══ MATERIAL PROVIDED ══

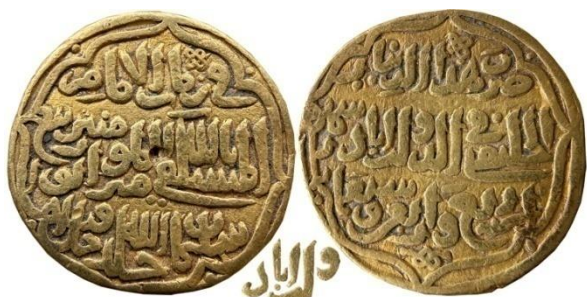
Muhammad Bin Tughluq - Daulatabad
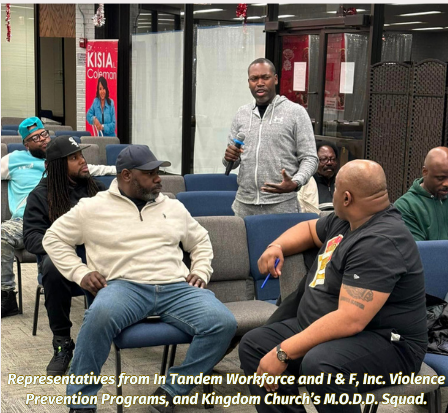
Representatives from In Tandem Workforce and I & F, Inc. Violence Prevention Programs, and Kingdom Church's M.O.D.D. Squad.
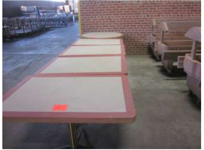
(5) pedestal tables
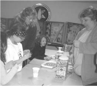
Bead Work in Progress
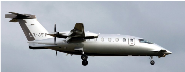
LX-JFP Piaggio P180 Avanti II
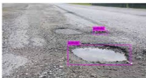
Fig. 5. Pothole labelling using OpenCV
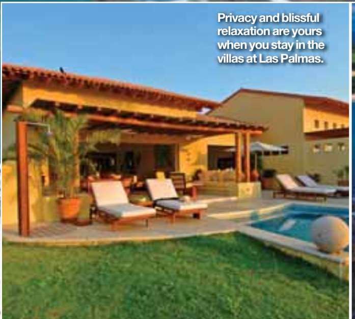
Privacy and blissful relaxation are yours when you stay in the villas at Las Palmas.
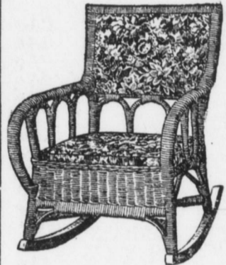
This Brown Fibre Rocker $5.95
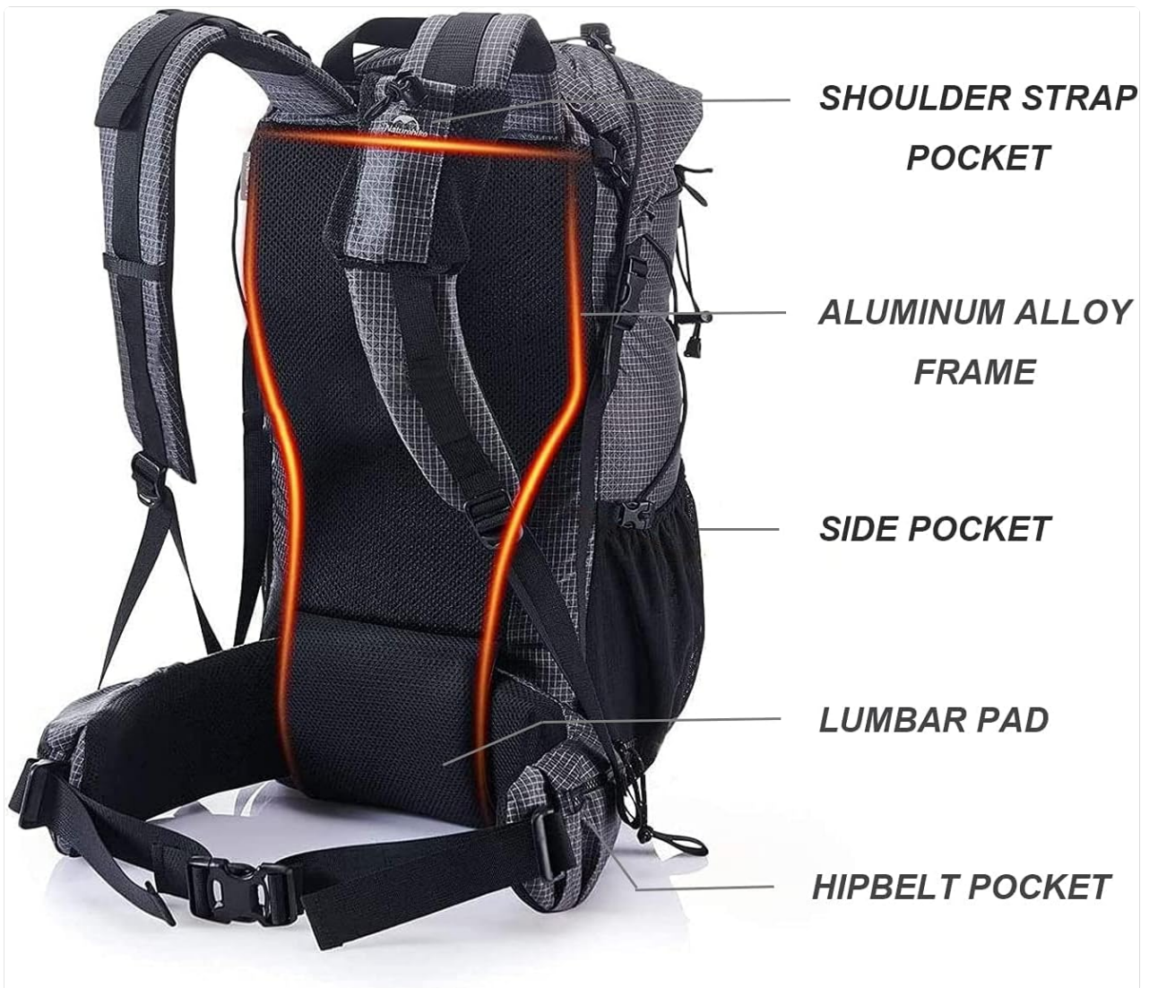
Image: Close-up of the backpack's back panel, detailing the aluminum alloy frame, shoulder strap pockets, lumbar pad, and hipbelt pockets.
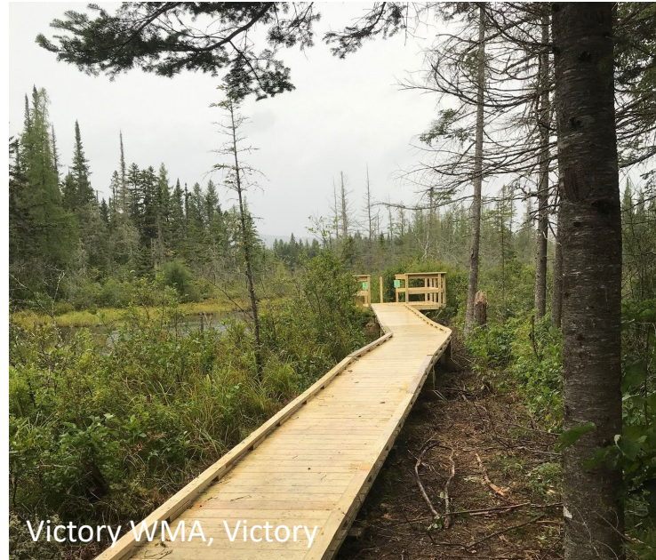
Victory WMA, Victory
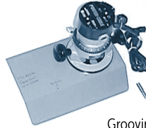
Grooving Jig with Router
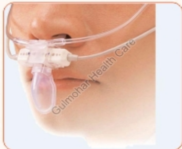
MAINSTREAM CO2 SENSOR KIT
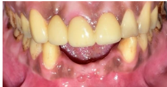
Figure 4: - Zirconia FPD in relation to 11,13,21.
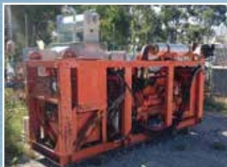
SU3080 200 HP Caterpillar Diesel Hyd Power Pack: CAT 3306 Engine – 2 Large & 1 Small Hydraulic Pumps. Condition: Very Good.
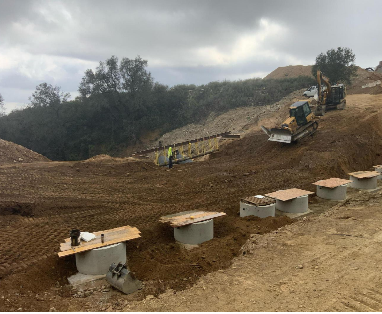
Christmas Canyon Work
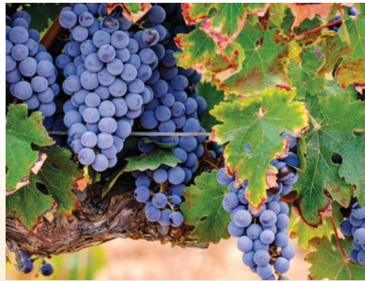
Vineyard near Ronda

Flamenco Performance. This evening, relish dinner at a local restaurant in Antequera while delighting in a special flamenco performance.

═══

◆ PROBLEM ◆
Give back every entry word for word, and drop the pictures as you go.

◆ THE ANSWER ◆
Muhammad Bin Tughluq - Daulatabad
Representatives from In Tandem Workforce and I & F, Inc. Violence Prevention Programs, and Kingdom Church's M.O.D.D. Squad.
(5) pedestal tables
Bead Work in Progress
LX-JFP Piaggio P180 Avanti II
Fig. 5. Pothole labelling using OpenCV
Privacy and blissful relaxation are yours when you stay in the villas at Las Palmas.
This Brown Fibre Rocker $5.95
Image: Close-up of the backpack's back panel, detailing the aluminum alloy frame, shoulder strap pockets, lumbar pad, and hipbelt pockets.
Victory WMA, Victory
Grooving Jig with Router
MAINSTREAM CO2 SENSOR KIT
Figure 4: - Zirconia FPD in relation to 11,13,21.
SU3080 200 HP Caterpillar Diesel Hyd Power Pack: CAT 3306 Engine – 2 Large & 1 Small Hydraulic Pumps. Condition: Very Good.
Christmas Canyon Work
Vineyard near Ronda

Flamenco Performance. This evening, relish dinner at a local restaurant in Antequera while delighting in a special flamenco performance.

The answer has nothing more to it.